On a bitter cold morning, a bushy-coated wolverine bounds through hard-packed snow. Its nose has led it to a tree, high on a windy ridge in the Wind River Indian Reservation in Wyoming.
Normally, the presence of this elusive predator would go unnoticed. But last spring, at this wild spot in the Northern Rockies, where the Absaroka and Owl Creek Mountains meet, a camera caught the whole affair.
The vast reservation is home to big horn sheep, moose, and wintering elk, besides a host of other creatures large and small. U.S. Fish and Wildlife Service biologists, on a mission to determine if wolverines also live there, placed a deer carcass in a tree as bait, which, as it turned out, worked wonders.
Wolverines will scavenge on such carrion, but also eat plants and berries, and hunt small prey like rabbits and rodents. They have been known to go after larger animals, even the size of caribou, especially if they’re weak or injured.
After tearing into the deer, the wolverine descends to investigate the camera, which it sniffs and snuffles. Then, with a seeming air of confidence, rotates it ever so slightly to the right.
Curious Creature
“It’s hard not to anthropomorphize,” says acting project lead and USFWS biologist Pat Hnilicka, who says the animal was likely a breeding-age male. “As a biologist, you try not to do that.
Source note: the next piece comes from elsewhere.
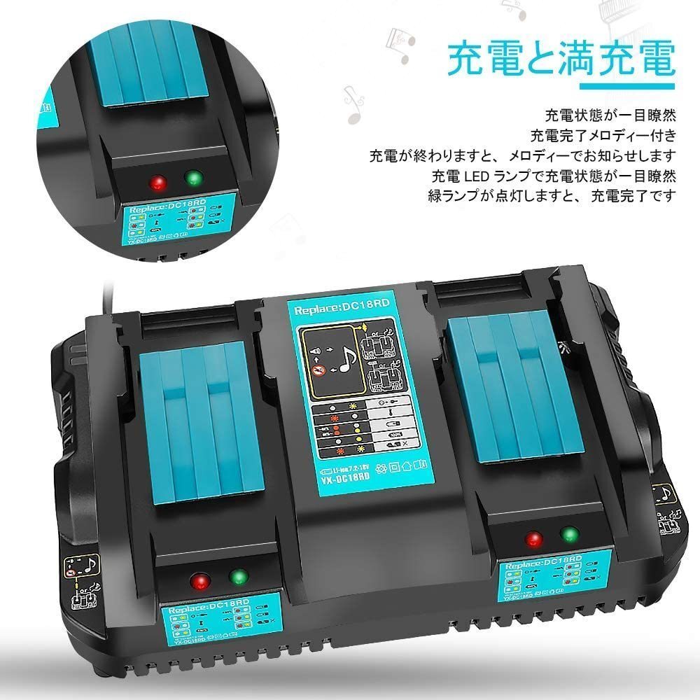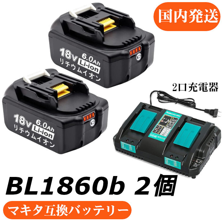マキタ互換バッテリー 18v PB BL1860b 互換バッテリー 18V 6.0Ah 残量表示付 2個セット + DC18RD 4A 2口充電器セット

But when you watch the video of him adjusting the camera, it’s like ‘holy cow’ what is this guy doing?’ It was so striking."
The moment caught on video is “as unique and rare” as the wolverine itself, says Hnilicka. It’s the first time a wolverine has been captured on camera on the reservation. And such moments aren’t exactly common anywhere in the contiguous U.S., where there are only about 300 wolverines left, according to the most recent estimate. (The estimate includes a range, however, so the true number could be anwhere from 249 to 626 animals.)
It’s not an endangered species, but lives in very low densities in remote, desolate areas.
“Wolverines are like ghosts out there,” Hnilicka says. “To catch one on camera—even just a still photo, would have been very, very exciting. To capture that behavior on video was really spectacular.” (Related: These volunteers search for wolverines while running through the woods)
The sighting has inspired the addition of more cameras in support of the study, which is part of a larger, ongoing collaboration to help the Eastern Shoshone and Northern Arapaho tribes manage the area’s fish and wildlife.
The same curiosity and drive that led the wolverine to investigate the camera likely also helps it survive its harsh environment, says National Geographic Explorer Gregg Treinish, who tracked wolverines across the northern Rockies and in Mongolia while working as a field biologist. He says, “it’s kind of like curiosity by necessity.”
Always Exploring
Wolverines, also known as skunk bears, are the largest member of the Mustelidae family, which includes weasels and badgers. They’re known to be strong, tenacious and tough, live in a brutal environment and will do anything to get to food, says Treinish, founder of the conservation group Adventure Scientists.
“They are the consummate explorer. They’ll climb straight up an ice face, go over the top of a mountain in a storm or traverse any wild and rugged landscape in order to eat.”
“When it was investigating the camera,” he adds, “it was probably looking for a food source, using one of the evolutionary traits that it was gifted, which is curiosity.”
This wolverine was also gifted with a bit of stage presence. The final clip shows him returning to the carcass later in the day for another meal.
He tears through the deer’s frozen hide with ease then drops to the ground to eat. He makes a few trips back up and down with help from his impressive semi-retractile claws. After glancing up at the frozen feast one last time, he rolls like a snowball and exits stage left.
“Perhaps,” Hnilicka says, “he was just feeling good because he had a belly full of meat.”